First of all, I would recommend sticking to IO at this point and look at ST and PrimMonad later as they are more complicated. For your program that would look like this:

import qualified Data.Vector.Mutable as VM
import Text.Printf

data Foo = Foo { bar :: VM.IOVector Int }

mkFoo :: IO Foo
mkFoo = do
  b <- VM.generate 5 (const 3)
  return Foo {bar = b}

printFoo :: IO Foo -> IO ()
printFoo f = do
  let b = bar f
  printf "%d\n" (VM.read b 0)

Now the first error you get is:

M.hs:13:15: error:
    • Couldn't match expected type ‘Foo’ with actual type ‘IO Foo’
    • In the first argument of ‘bar’, namely ‘f’
      In the expression: bar f
      In an equation for ‘b’: b = bar f
   |
13 |   let b = bar f
   |               ^

This message tells you that the function bar expects a value of type Foo as input, but you give it a value of type IO Foo . There are multiple ways to fix this. Since this function runs in IO we can first unwrap the argument like this:

printFoo :: IO Foo -> IO ()
printFoo f = do
  f' <- f
  let b = bar f'
  printf "%d\n" (VM.read b 0)

However, I would say this is not very idiomatic.
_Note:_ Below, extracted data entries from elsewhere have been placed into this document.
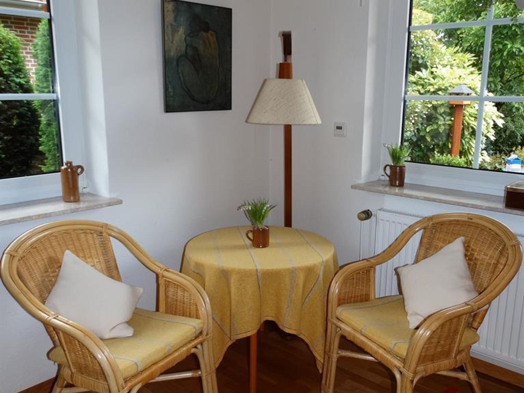Die 87qm große, helle Ferienwohnung im Erdgeschoss eines Zweifamilienhauses, verfügt über 2 Schlafzimmer, ein Wohnzimmer, eine gesonderte Essdiele, Küche, Badezimmer und einen Garten mit Terrasse. Sämtliche Fenster haben elektrische Rollläden.
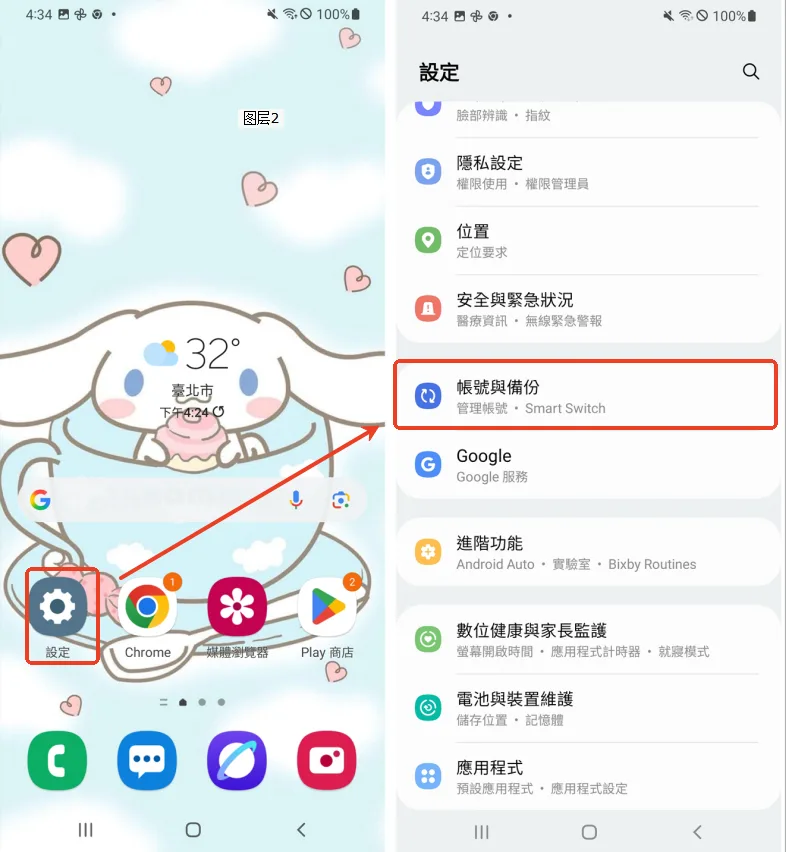 帳號與備份」
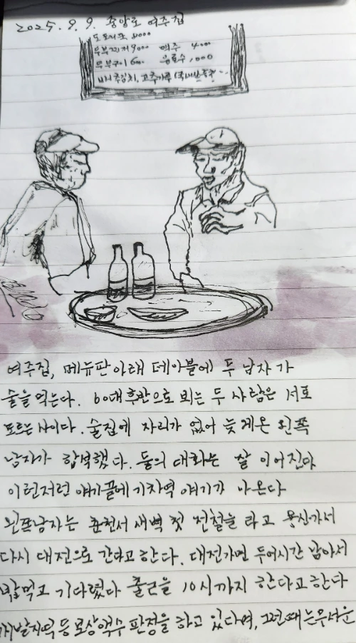 두 사람은 합이 잘 맞는지 한참 이야기를 나누었다. 그러다 왼쪽 남자가 먼저 일어섰다. 남자는 매일 춘천에서 새벽 첫 차를 타고 용산에서 기차를 갈아 탄 뒤 대전까지 간다고 했다. 오른편 남자는 아쉬운듯 자주 오라고 했다. 일어선 남자는 두어 달에 한번은 올 수 있다고 했다. 혼자 된 남자는 조금 더 있다가 일어섰다.
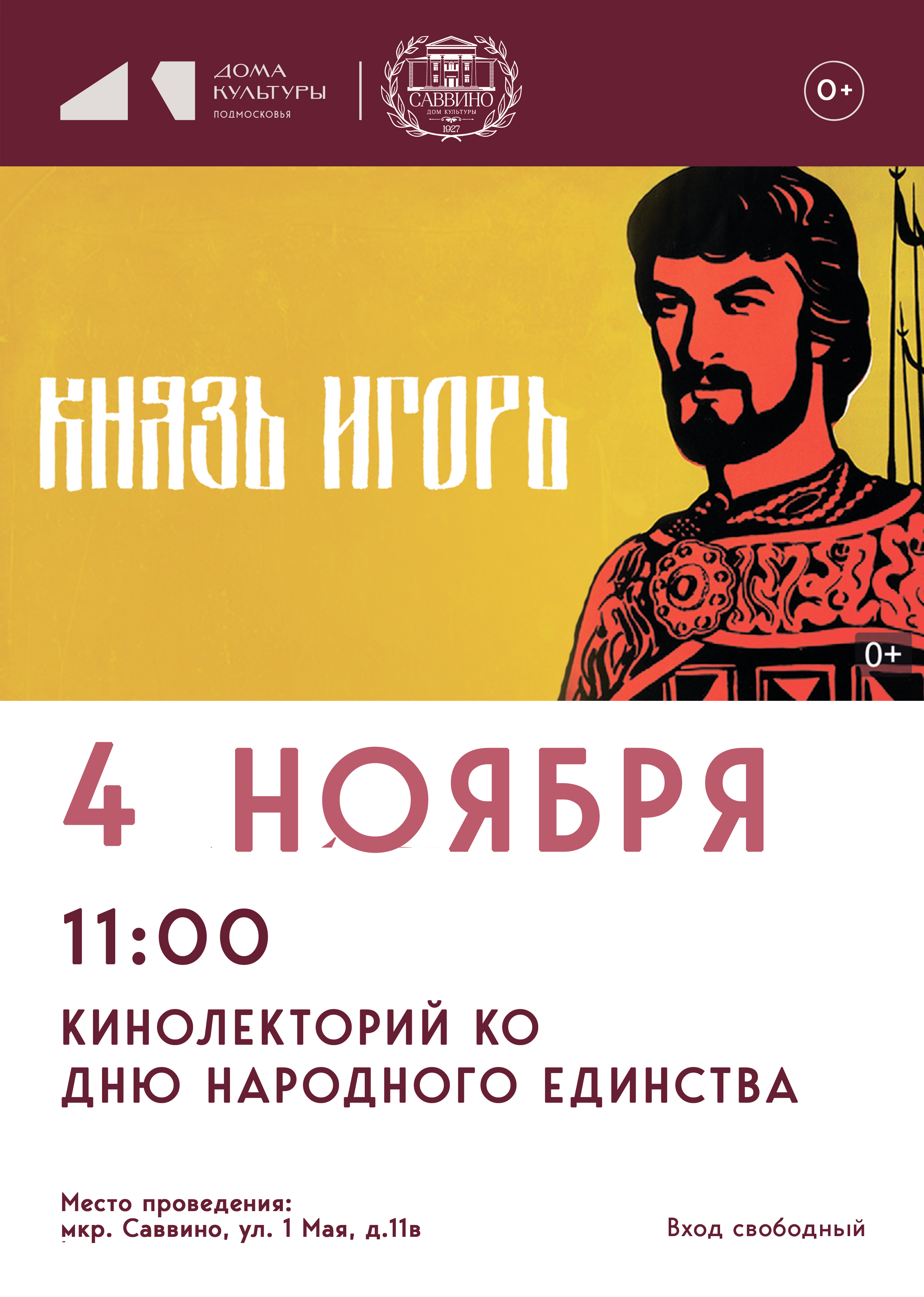 4 ноября 11 .00 Кинопоказ посвященный празднику День народного единства
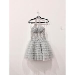 NWT Sherri Hill Halter Ruffle Tulle Cocktail Gown with Leaf Lace Bodice Silver 8
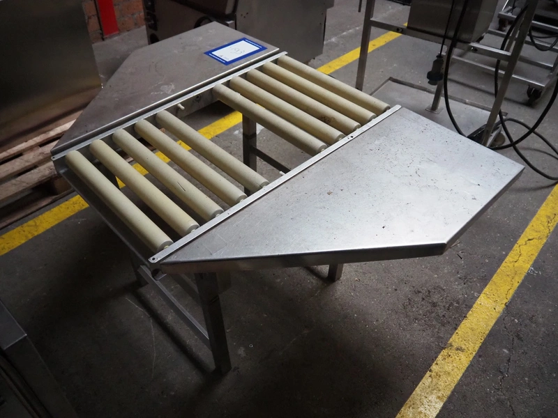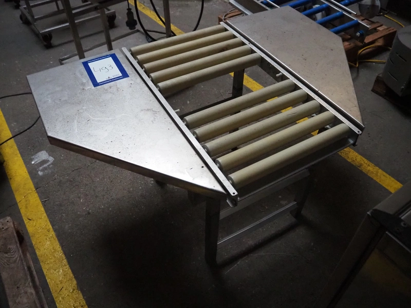 Roller conveyor, s/s frame, plastic rollers, roller width: 480 mm, total dimensions: 1360 mm x 920 mm x 740 mm.
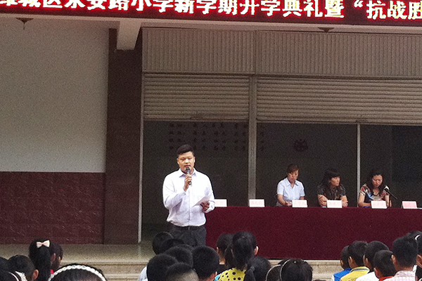 9月2日下午,我院学生“清韵悠扬诵读演讲协会”成员应邀参加潍城区永安路小学新学期开学典礼暨抗战胜利70周年纪念活动启动仪式,为该小学3000名师生作了题为“历史·未来”的演讲。演讲内容以“铭记历史、缅怀先烈、珍爱和平、开创未来”为主题,围绕抗日战争历史,结合抗战英烈历史事迹,讲述了一名抗战老红军的抗日故事,让师生进一步了解了中国人民抗日战争的历史,深刻体验了以爱国主义为核心的伟大民族精神。(王学强 郭冕供稿)
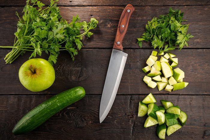 Промойте петрушку, обсушите. Огурец и яблоко нарежьте, и сложите все в чашу блендера.
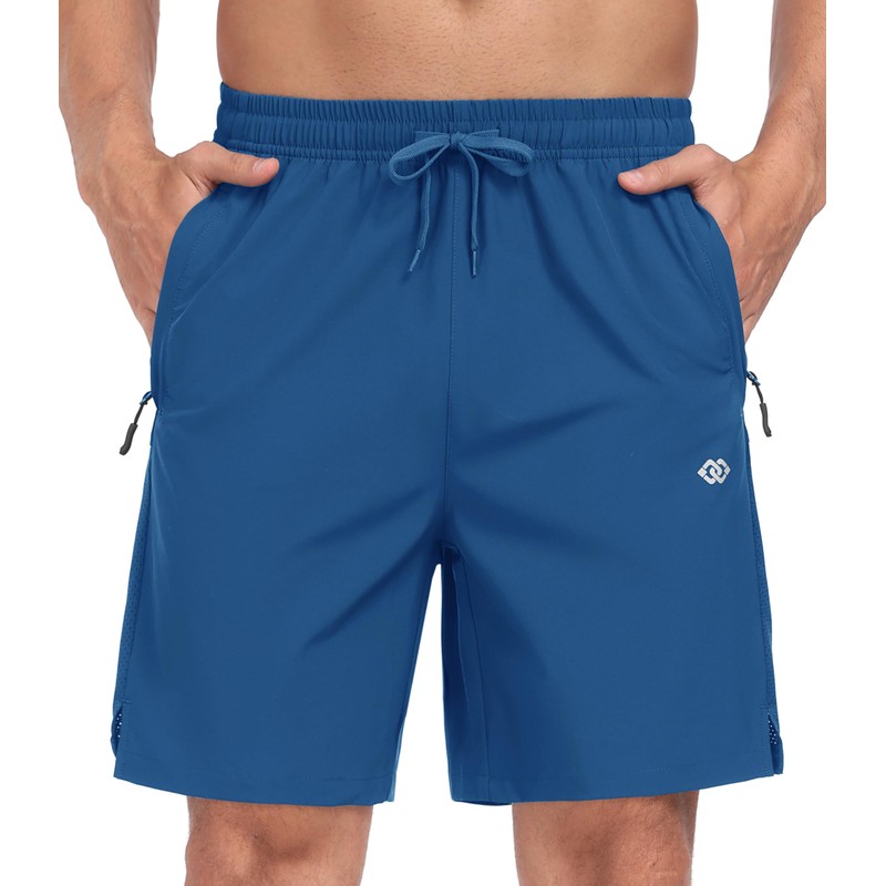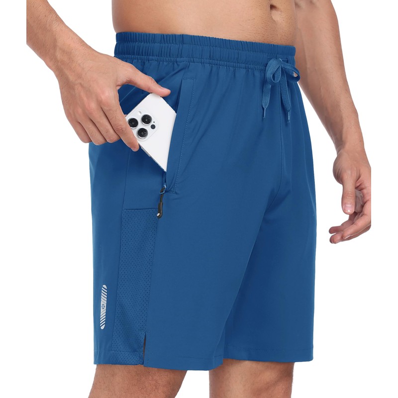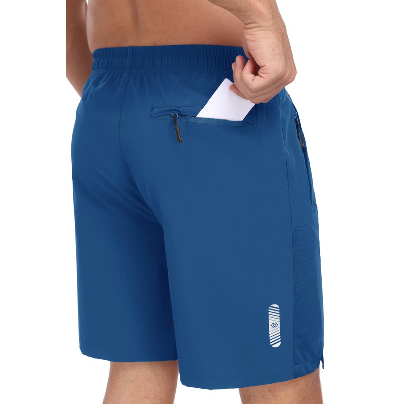 MoFiz Men's Athletic Short with Zipper Pocket Gym Exercise Training Jogger Outdoor Hiking Running Short Blue,M

Instead it is more useful to require that the input to your function is already unwrapped, like this:

printFoo :: Foo -> IO ()
printFoo f = do
  let b = bar f
  printf "%d\n" (VM.read b 0)

Now you will still get another error message (GHC versions before 9.0.1 will show a less readable error):

/tmp/M.hs:9:26: error:
    • Couldn't match type ‘Control.Monad.Primitive.PrimState m0’
                     with ‘GHC.Prim.RealWorld’
      Expected: VM.MVector (Control.Monad.Primitive.PrimState m0) Int
        Actual: VM.IOVector Int
      The type variable ‘m0’ is ambiguous
    • In the first argument of ‘VM.read’, namely ‘b’
      In the second argument of ‘printf’, namely ‘(VM.read b 0)’
      In a stmt of a 'do' block: printf "%d\n" (VM.read b 0)
  |
9 |   printf "%d\n" (VM.read b 0)
  |                          ^

This error is vague, because the VM.read function can be used in many different ways and it is not clear which way you intend. If you write the explicit type signature VM.read:: VM.IOVector a -> Int -> IO a ,like this:

printFoo :: Foo -> IO ()
printFoo f = do
  let b = bar f
  printf "%d\n" ((VM.read :: VM.IOVector a -> Int -> IO a) b 0)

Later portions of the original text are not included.